# Explanation on thursday



## sk3litor (Oct 3, 2011)

Expect some outages but usually its not for too long. If ya flash a rom and don't get service don't freak out and start flashing radios like its going out of style.lol 
sent from Michael jacksons' doctors' cell mate


----------



## Dark Jedi (Nov 3, 2011)

Nationwide 4g? Lol

Sent from my ADR6400L using Tapatalk


----------



## Vince556 (Jan 15, 2012)

Is there a map that shows when and where the expansion will take place?
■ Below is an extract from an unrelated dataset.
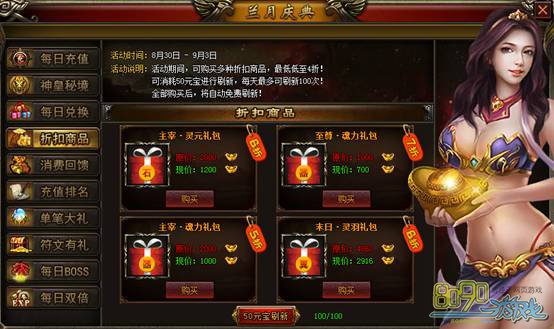 【活动说明】:活动期间,可购买多种折扣商品,全场最低低至4折!可消耗50元宝进行刷新,每天最多可刷新100次!全部购买后,将自动免费刷新!

Sent from my ADR6400L using Tapatalk


----------



## Dark Jedi (Nov 3, 2011)

Think its on Verizon site under their coverage area map

Sent from my ADR6400L using Tapatalk


----------



## sk3litor (Oct 3, 2011)

Wow just realized the title should say expansion not explination. Ha ha oops. Stupid word correction.

sent from Michael jacksons' doctors' cell mate


----------



## recDNA (Oct 25, 2011)

No outage so far


----------



## Dark Jedi (Nov 3, 2011)

I had mine ficker around more than usual.

Sent from my ADR6400L using Tapatalk


----------



## Ibrick (Jun 30, 2011)

Mine was just out for about an hour, seems back up in Milwaukee area.

Sent from my cellular telephone using magic


----------